Data extract:
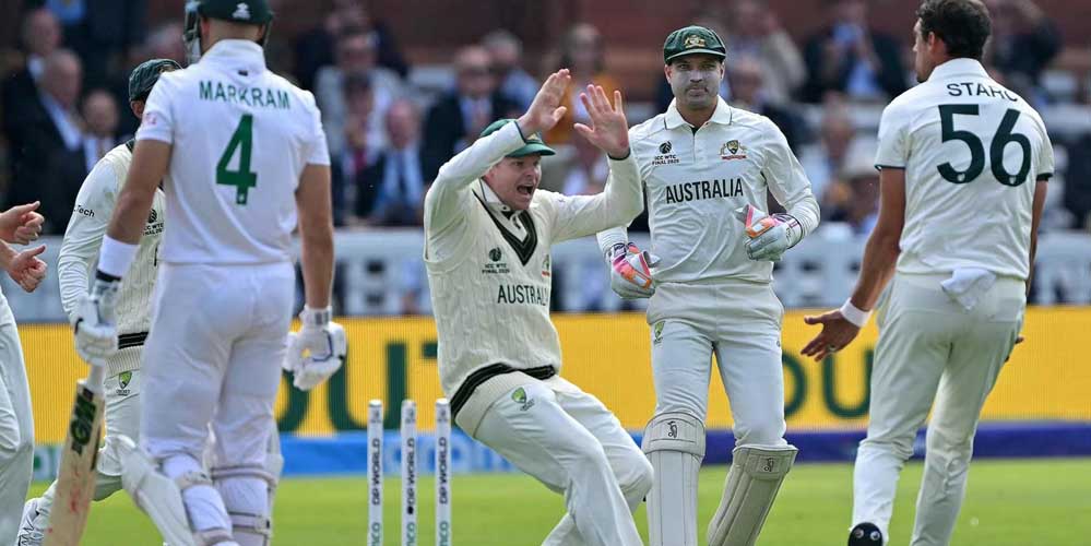साउथ अफ्रीका और ऑस्ट्रेलिया के बीच लॉर्ड्स के ऐतिहासिक मैदान पर वर्ल्ड टेस्ट चैंपियनशिप यानी WTC 2025 का फाइनल मुकाबला खेला जा रहा है। मैच के पहले दिन गेंदबाजों का कहर रहा, दोनों टीमों ने मिलकर कुल 255 रन बनाए और 14 विकेट गिरे। कगिसो रबाडा, मार्को येनसन और मिचेल स्टार्क पूरे मैच में छाए रहे। इस दौरान कई रिकॉर्ड्स बने, लेकिन इस बीच एक बड़ी ही विचित्र घटना घटी जिसे देखने के बाद हर कोई हैरान था। इंग्लैंड की सरजमीं पर 145 साल और 561 टेस्ट मैचों में ऐसा पहली बार देखने को मिला है।
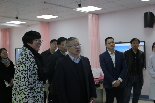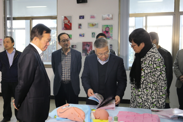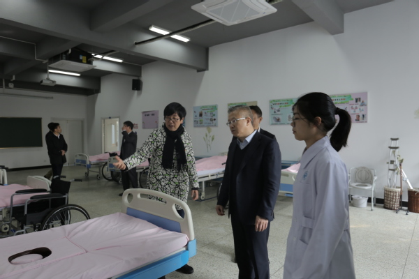 徐文光一行首先来到了xingkong.com医学实训楼,参观了护理实训基地、母婴护理实训基地、老年护理基地、中药学实训基地。在母婴护理实训室,徐书记拿起月嫂培训手册仔细观看,详细了解了月嫂的培训情况,并对xingkong.com的社会培训工作给予了充分的肯定。
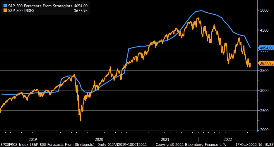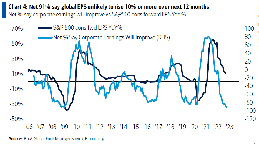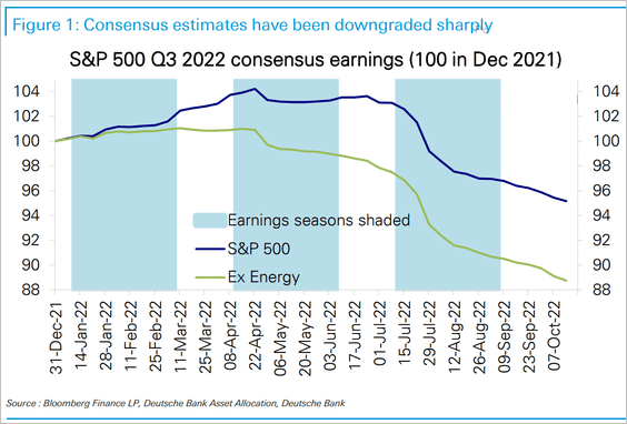 ボトムアップのフォワードEPSコンセンサスは徐々に低下してきており、そのトレンドは反転の兆しが見えない。従って指数の上昇は引続き金利低下に頼ることになる。一方、EPSのサーベイ結果はコンセンサスより更に期待が薄くなっている。またQ3のEPSコンセンサスは一時的なバブル下にあるエネルギーを除くと既に年初から10%以上下落しており、リセッションでも13~15%の下落と言われていたことを考えると決算ガチャは目線が低すぎて逆に滑るのが難しくなっている。
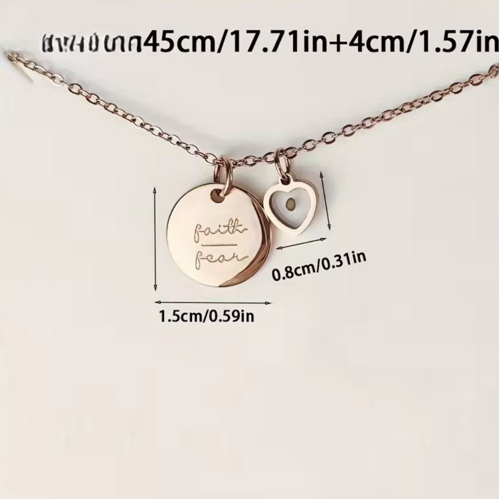 Diese elegante Glaubenskette verbindet modernes Design mit tiefer spiritueller Bedeutung. Die roségoldene Halskette aus hochwertigem Chirurgenstahl trägt zwei besondere Anhänger: ein zartes Herz mit Senfkorn in der Mitte sowie eine runde Medaille mit den Worten „faith“ und „fear“. Inspiriert vom Bibelvers aus Matthäus erinnert dich dieses Schmuckstück daran, dass selbst ein kleiner Glaube – so klein wie ein Senfkorn – große Kraft entfalten kann. Das Herz steht für Liebe und Vertrauen, während die Medaille dich jeden Tag neu einlädt, dich bewusst für faith statt fear zu entscheiden.

Brief: Could you give back the full listing word for word, leaving out the images?

Expected answer:
साउथ अफ्रीका और ऑस्ट्रेलिया के बीच लॉर्ड्स के ऐतिहासिक मैदान पर वर्ल्ड टेस्ट चैंपियनशिप यानी WTC 2025 का फाइनल मुकाबला खेला जा रहा है। मैच के पहले दिन गेंदबाजों का कहर रहा, दोनों टीमों ने मिलकर कुल 255 रन बनाए और 14 विकेट गिरे। कगिसो रबाडा, मार्को येनसन और मिचेल स्टार्क पूरे मैच में छाए रहे। इस दौरान कई रिकॉर्ड्स बने, लेकिन इस बीच एक बड़ी ही विचित्र घटना घटी जिसे देखने के बाद हर कोई हैरान था। इंग्लैंड की सरजमीं पर 145 साल और 561 टेस्ट मैचों में ऐसा पहली बार देखने को मिला है।
 徐文光一行首先来到了xingkong.com医学实训楼,参观了护理实训基地、母婴护理实训基地、老年护理基地、中药学实训基地。在母婴护理实训室,徐书记拿起月嫂培训手册仔细观看,详细了解了月嫂的培训情况,并对xingkong.com的社会培训工作给予了充分的肯定。
 ボトムアップのフォワードEPSコンセンサスは徐々に低下してきており、そのトレンドは反転の兆しが見えない。従って指数の上昇は引続き金利低下に頼ることになる。一方、EPSのサーベイ結果はコンセンサスより更に期待が薄くなっている。またQ3のEPSコンセンサスは一時的なバブル下にあるエネルギーを除くと既に年初から10%以上下落しており、リセッションでも13~15%の下落と言われていたことを考えると決算ガチャは目線が低すぎて逆に滑るのが難しくなっている。
 Diese elegante Glaubenskette verbindet modernes Design mit tiefer spiritueller Bedeutung. Die roségoldene Halskette aus hochwertigem Chirurgenstahl trägt zwei besondere Anhänger: ein zartes Herz mit Senfkorn in der Mitte sowie eine runde Medaille mit den Worten „faith“ und „fear“. Inspiriert vom Bibelvers aus Matthäus erinnert dich dieses Schmuckstück daran, dass selbst ein kleiner Glaube – so klein wie ein Senfkorn – große Kraft entfalten kann. Das Herz steht für Liebe und Vertrauen, während die Medaille dich jeden Tag neu einlädt, dich bewusst für faith statt fear zu entscheiden.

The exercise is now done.